Chapter 9


Chapter Nine

I couldn't sleep at all. Aideen was restless, tossing and turning in her bed all through the night. She would kick off her covers one minute, only to pull them back over her body again the next. I could also hear people moving outside our bedroom door. Lorelei checked in on us every two hours. There was nothing in this room we could hurt ourselves with besides our sheets, but we would have to use them to hang ourselves, and there wasn't anything in the room we could hang from.

The anxiety I felt knowing our door could probably be opened by anyone on staff at R2L was too much for me to handle. Every little sound made me jump, my body folding in half until I was sitting up straight, my wide eyes focused on the door, waiting for someone to come in. They never did, unless it was Lorelei checking on us. At midnight, she came in one last time and whispered to me. "Still can't fall asleep?" I shook my head and lay back down. I tried to still my quickly beating heart. I could hear my pulse thumping rapidly in my ears. Hearing the door slowly slide open had done me in.

"I'll be okay," I told her. I was used to telling everyone that. I'd been doing it for months. I knew it wasn't the truth, but that didn't matter. Adults didn't always want the truth; they wanted the answer that made things easier. They wanted to hear whatever made them feel like they hadn't done anything wrong.

The first time someone cut my hair during class, I'd cut the rest myself at lunch. I thought maybe I could pretend I was in control. She'd chopped a large chunk from the back as I sat in third-period English, and laughed with her friends about it. I didn't cry until that night. My parents pretended to like it, but Luke had heard what happened. He stomped passed me and hissed, "You shouldn't have cut it!" I didn't have much of a choice unless I wanted to walk around with a large bare spot in the back. Now every noise made me jump.

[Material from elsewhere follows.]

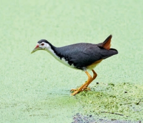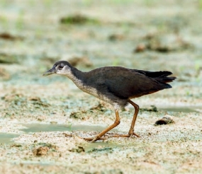 鉴别特征:体长约34 cm,体形稍大的秧鸡。上体青灰色,脸部和下体几乎为白色,但臀部棕色。喙偏绿色,基部红色。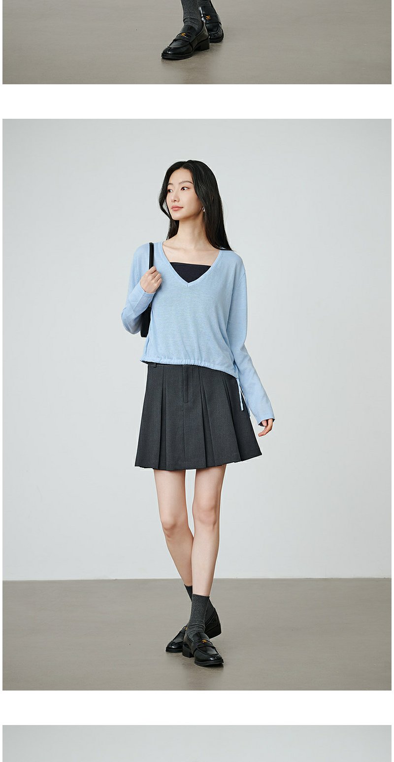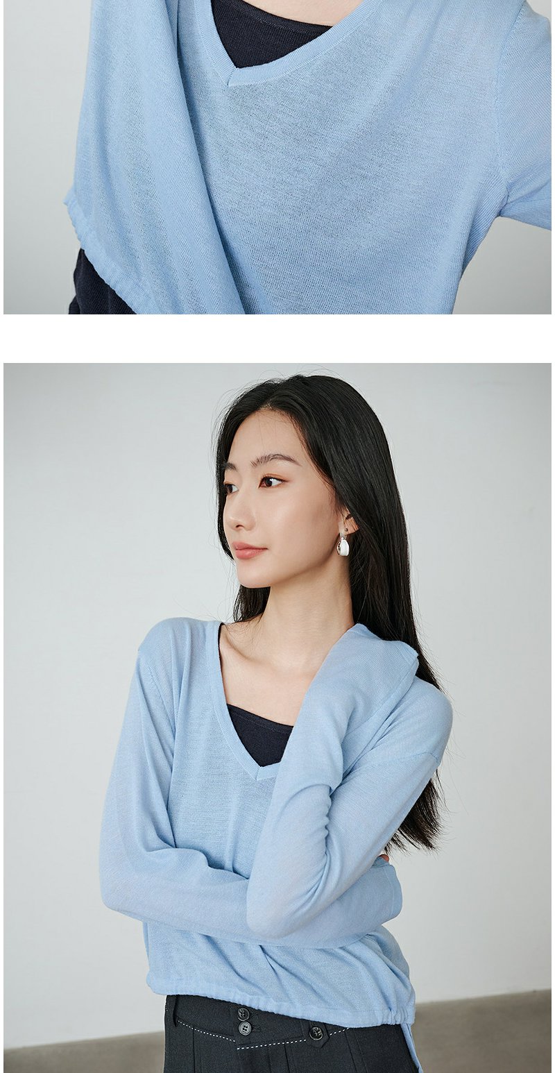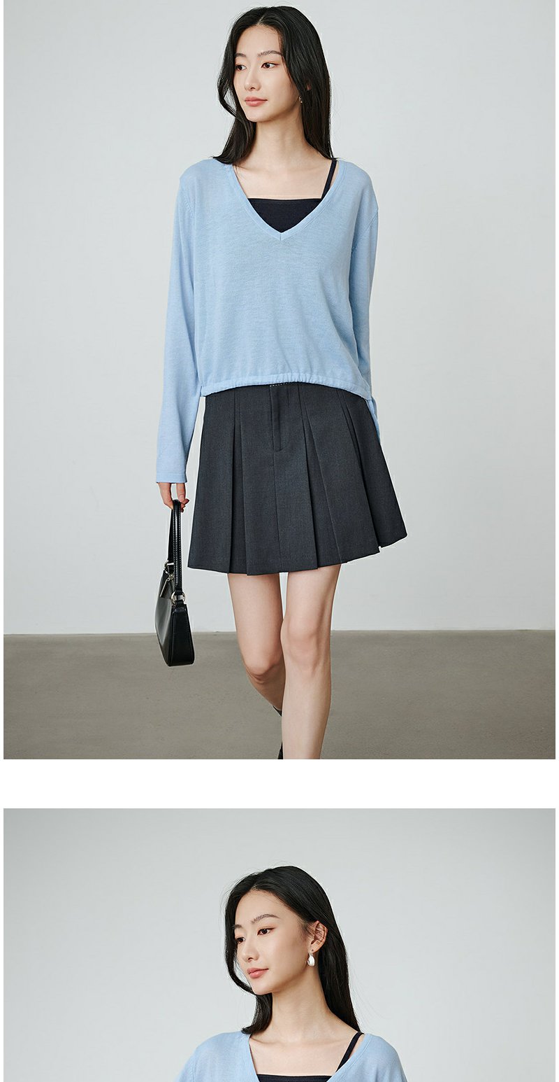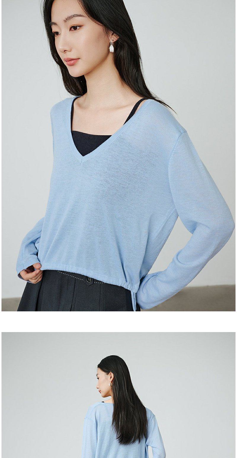 NEELLY纳俪商场同款秋季新款V领宽松减龄针织衫女简约舒适T恤上衣N25084A07726

"I'll be back tomorrow afternoon. If you want to take a nap after group I should be here. I'll sit on the end of your bed the whole time." Lorelei didn't ask any questions. She didn't poke around and try to figure out why I didn't like any sort of surprise. She just accepted it and moved on. Maybe that's why she was one of the few adults in a while I could tolerate. I nodded and tried to settle myself back into bed.

She checked on Aideen, flipping the washcloth again so the cool side was on her pale skin. She didn't look good, but she wasn't as miserable-looking as she'd appeared earlier.

When the door shut behind Lorelei, I knew I had another two hours before anyone came to check on us. I had to get some sleep. The more time that ticked by without the ability to quiet my thoughts, the more the darkness would seep in and I was already in that space where my mental health was causing my body physical pain. I couldn't take it much longer. I grabbed my pillow and the top blanket from my bed and made my way over to the floor in front of our door. It wouldn't be the comfiest place I'd ever slept, but at least maybe I'd be able to make the thoughts go quiet for a little while.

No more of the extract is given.